[Records for this task]

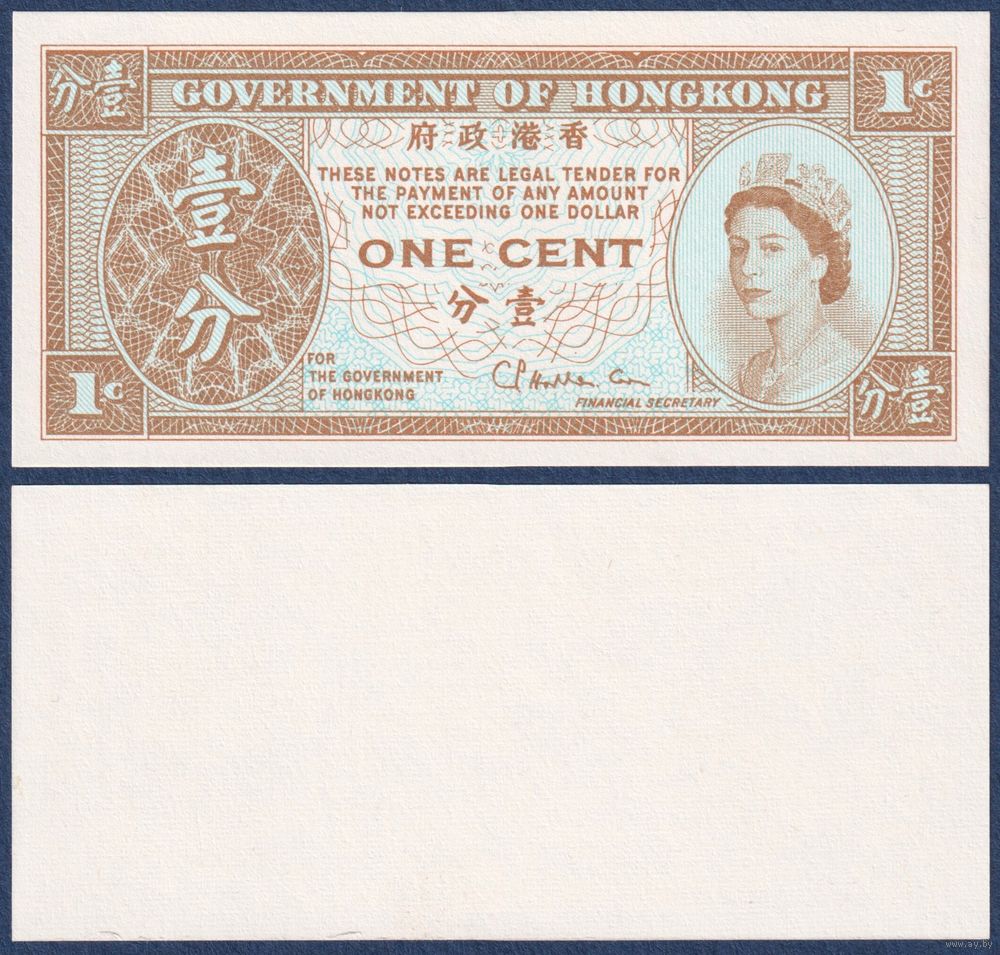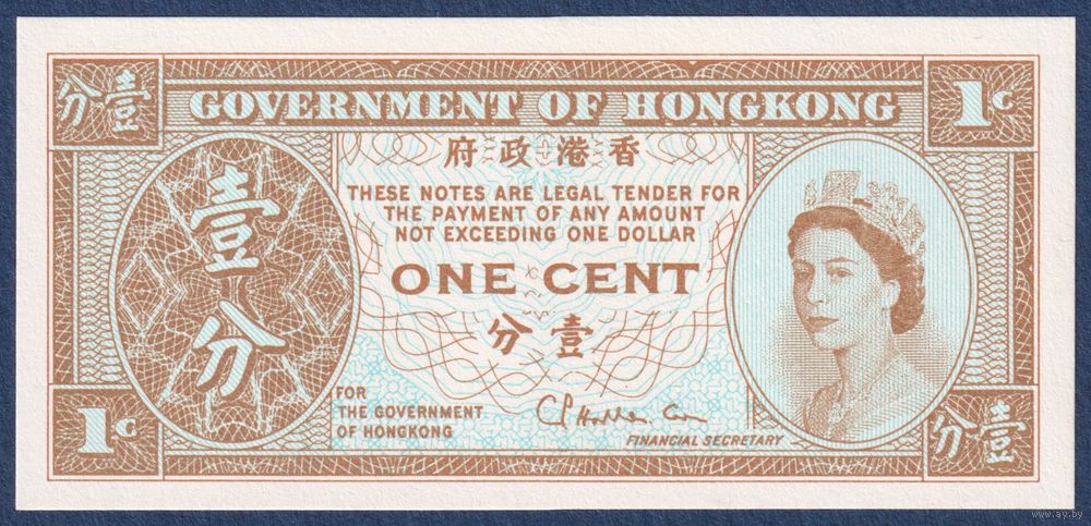 Гонконг, 1 цент 1971-1981 г., P-325b (королева Елизавета II), UNC
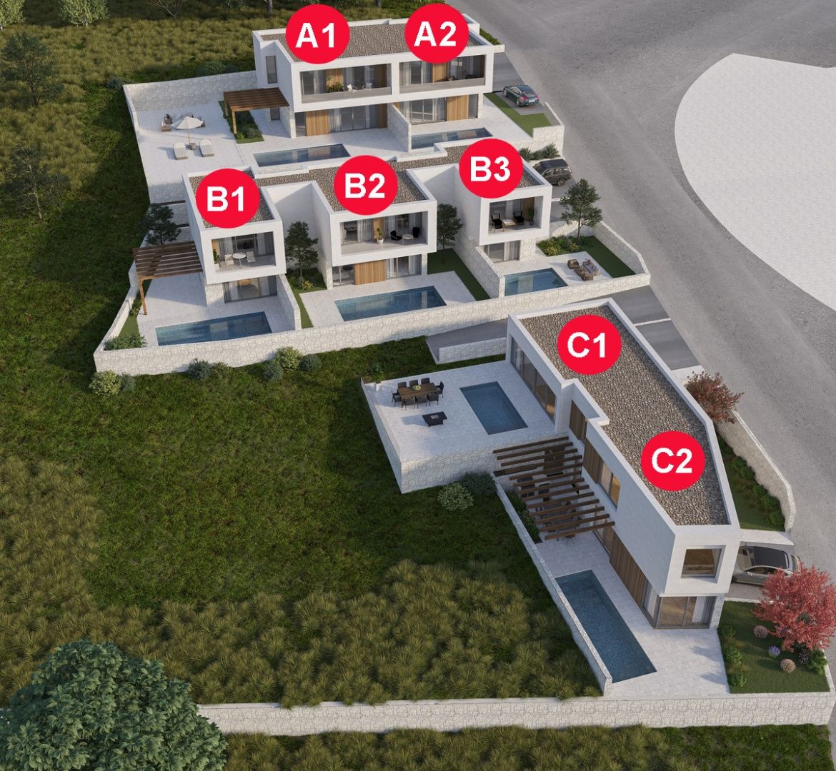 CRIKVENICA - Moderní vila s bazénem a panoramatickým výhledem Crikvenica je jedno z nejžádanějších pobřežních měst na severním Jadranu, známé svým příjemným klimatem, dobře udržovanými plážemi, dlouhou promenádou podél moře a dobrým dopravním spojením, což z něj činí ideální místo pro bydlení, dovolenou nebo dlouhodobou investici. V klidné a vyvýšené lokalitě se rozvíjí projekt moderních dvojdomků – celkem sedm jednotek – navržených s pečlivě promyšlenou architekturou, funkčním uspořádáním a důrazem na kvalitu života, s otevřeným výhledem na moře a město. Vyvýšená poloha navíc zajišťuje soukromí a klid, přičemž všechna klíčová zařízení Crikvenice zůstávají rychle dostupná. Vila A1 nabízí celkovou obytnou plochu 102,6 m² rozloženou na dvou podlažích. V přízemí se nachází prostorný obývací pokoj s kuchyní a jídelnou, jedna ložnice a koupelna, což je ideální jak pro rodinný život, tak pro hosty. V patře se nacházejí tři ložnice, hlavní s vlastní koupelnou, zatímco další dvě sdílejí další koupelnu, čímž se dosahuje vynikající rovnováhy mezi soukromím a praktičností. Venkovní prostor dále zvyšuje hodnotu nemovitosti: soukromá zahrada o rozloze 151 m² zahrnuje terasu, bazén a sluneční terasu, která vytváří dojem samostatně stojícího domu a je ideálním místem pro relaxaci a setkávání s výhledem na moře. Projekt je navržen jako dlouhodobé a kvalitní řešení s podlahovým vytápěním ve všech místnostech a kvalitními hliníkovými truhlářskými prvky, spolu s moderními povrchovými materiály. K dispozici je vinylová podlaha (LVT nebo SPC) s možností výběru dalších krytin dle přání kupujícího a ke každé jednotce patří také jedno parkovací místo. Kupujícím jsou nabízeny mimořádně výhodné podmínky koupě a financování, včetně slev na zálohy a možnosti platby ve fázích během výstavby, s jasně definovanými a transparentními podmínkami. Pro více informací o této nemovitosti a celém projektu kontaktujte agenturu DUX Nekretnine a zajistěte si svou příležitost včas - počet jednotek je omezený.
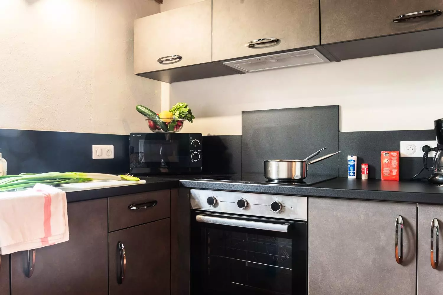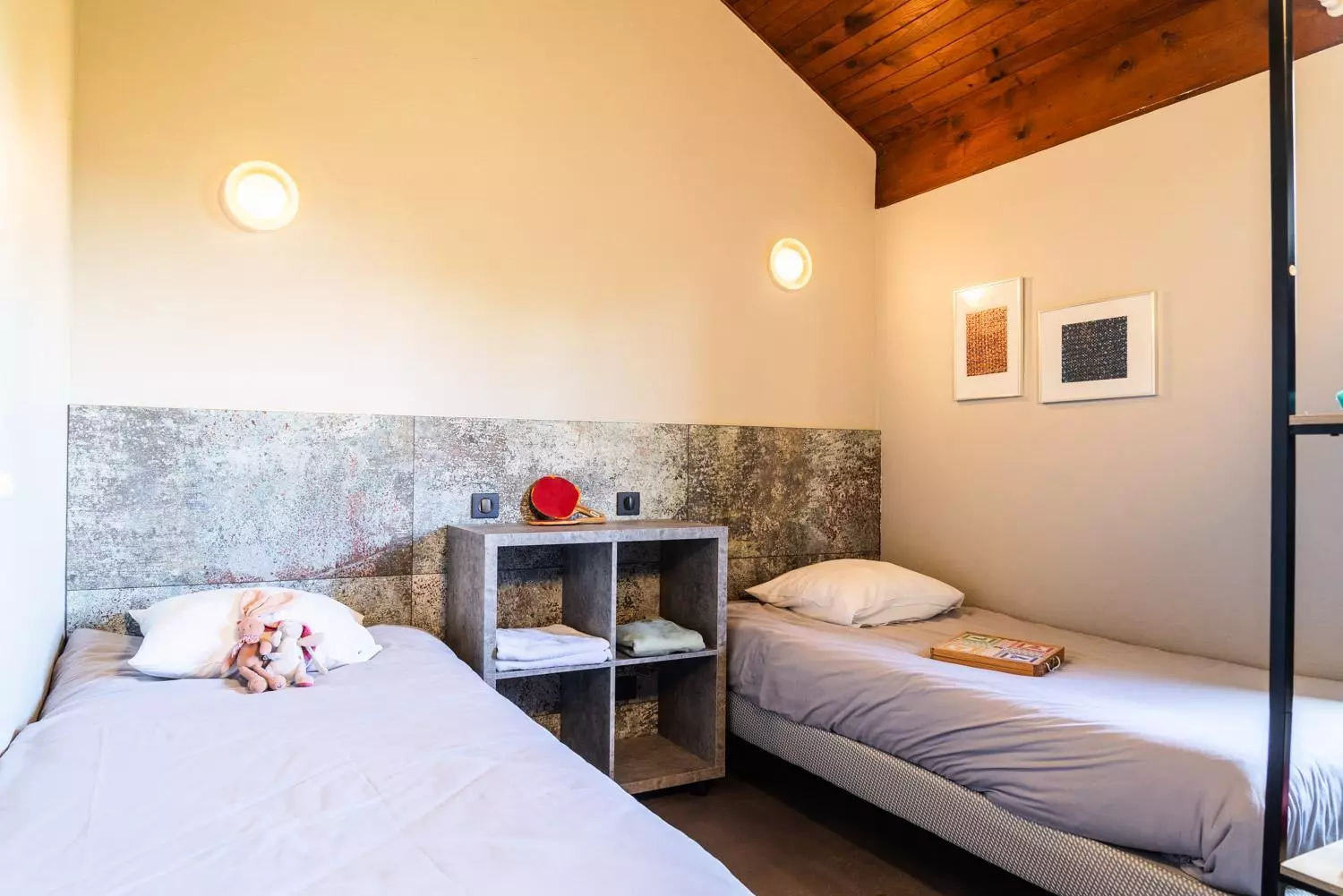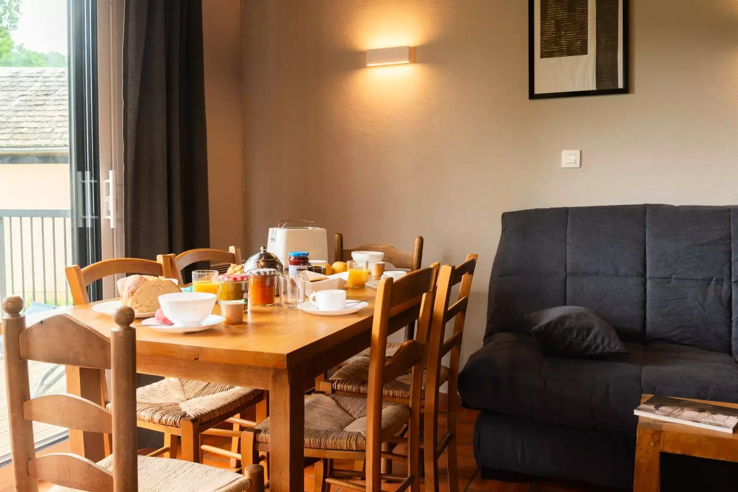 Hébergement de 38m² pour 4 à 6 personnes, entièrement rénové, disposant d'un coin cuisine équipée (réfrigérateur-congélateur, lave-vaisselle, plaque de cuisson, four, micro-ondes, hotte aspirante, cafetière), d'un séjour avec une télévision et un canapé-lit double (140x190), d'une première chambre avec un lit double (140x190), d'une seconde chambre avec deux lits simples (80x190), d'une salle d'eau et d'un wc indépendant. Terrasse privative équipée d'un salon de jardin.
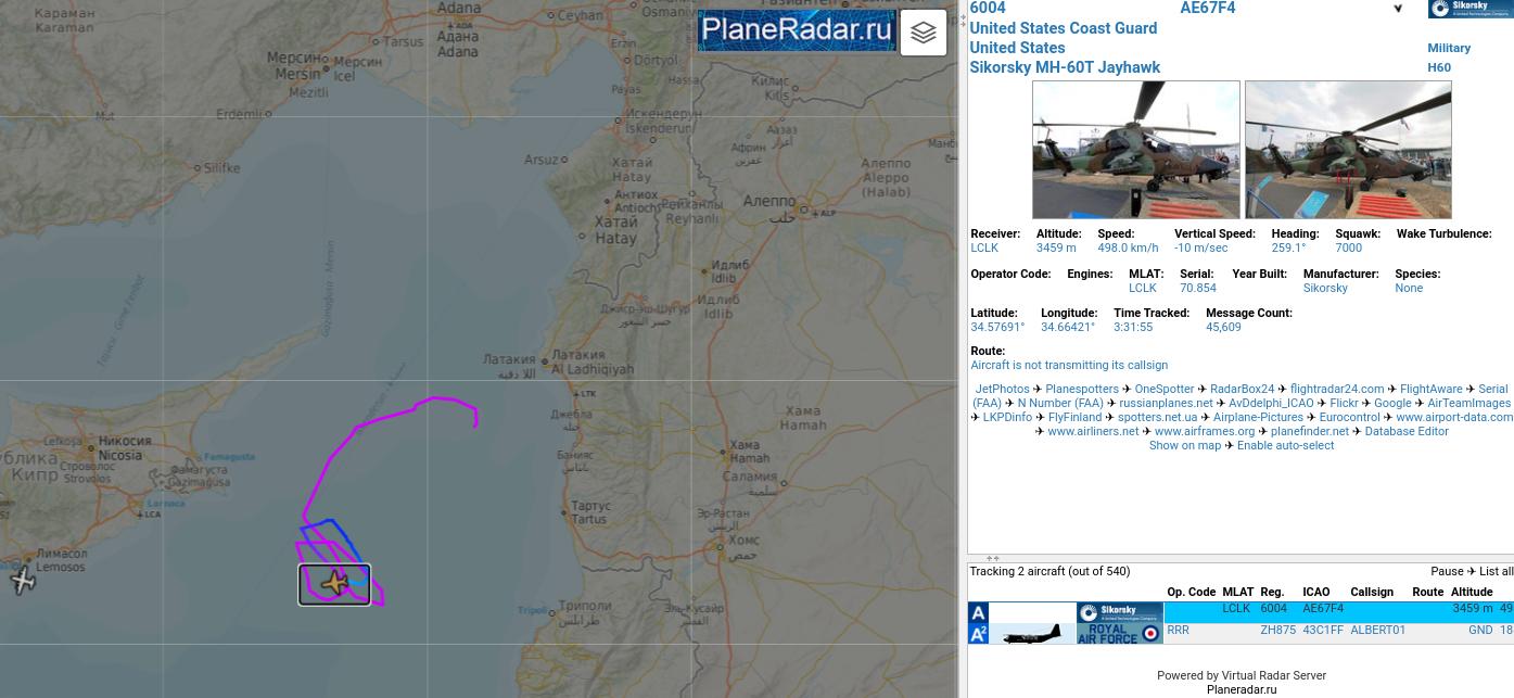 Momentálně léta kolem pobřeží Sýrie nějaký průzkumný letoun na výšce 9.4km, vydávající se za nějaké hausnumero - vrtulník, což bude asi US NAVY P-8A podle trajektorie. http://planeradar.ru
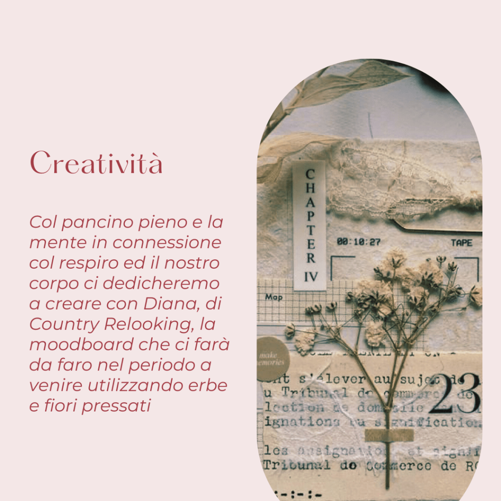 Dopo aver nutrito il corpo e lo spirito, saremo pronti per un’esperienza creativa unica. Io vi guiderò attraverso un emozionante workshop dove avremo l’opportunità di creare moodboard primaverili utilizzando i fiori pressati provenienti dal suggestivo Giardino Emozionale dei Sentieri di Piume di @lagualdavecchia, vecchi spartiti, carta riciclata realizzata per noi da @paper_care_lab.
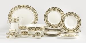 3923. Service à dîner modèle Windsor à motif de rinceaux noirs et or
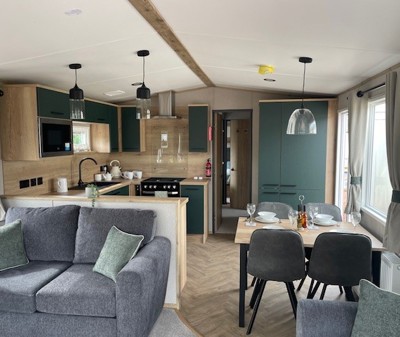 The Willerby Sierra 2025 is a stylish, modern static caravan designed for comfort and social living. With an open-plan lounge, bold green and oak interiors, and plenty of natural light, it feels both contemporary and cosy. It features a fully equipped kitchen, spacious dining area, and comfortable bedrooms including a master with en-suite. Energy-efficient heating, double glazing, and smart storage make it practical year-round and the patio doors add a touch of luxury.
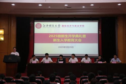 9月29日上午,江西财经大学体育投注网站 2025级开学典礼在蛟桥园国际学术报告厅隆重举行。院长刘建,党委书记廖勇勇,贸易与环境研究中心李秀香教授,党委副书记马李琛,副院长王树柏,副院长罗春香,博士生导师蒋含明,国贸系主任范冬梅,电商系主任宋慧琳,国合系主任戴明辉,学工办主任苗翠琴,团委书记周妍,辅导员吴梦,25级班主任及助理班主任共同出席,与全体2025级新生齐聚一堂,开启大学新篇章。典礼由马李琛主持。
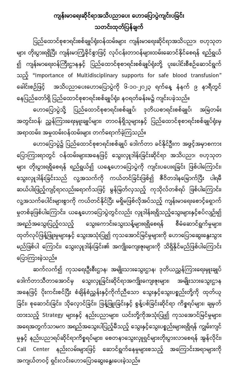 ၆-၁၀-၂၀၂၃ ရက်နေ့တွင် ကျန်းမာရေးဆိုင်ရာအသိပညာပေး ဟောပြောပွဲကျင်းပခြင်း

[/Records for this task]

[Exercise directions] Exercise for the records above: copy only the lines from the one with "Hébergement de 38m²" to the one with "Momentálně léta kolem", both ends kept, and drop the pictures.

[Solution for this problem]
 Hébergement de 38m² pour 4 à 6 personnes, entièrement rénové, disposant d'un coin cuisine équipée (réfrigérateur-congélateur, lave-vaisselle, plaque de cuisson, four, micro-ondes, hotte aspirante, cafetière), d'un séjour avec une télévision et un canapé-lit double (140x190), d'une première chambre avec un lit double (140x190), d'une seconde chambre avec deux lits simples (80x190), d'une salle d'eau et d'un wc indépendant. Terrasse privative équipée d'un salon de jardin.
 Momentálně léta kolem pobřeží Sýrie nějaký průzkumný letoun na výšce 9.4km, vydávající se za nějaké hausnumero - vrtulník, což bude asi US NAVY P-8A podle trajektorie. http://planeradar.ru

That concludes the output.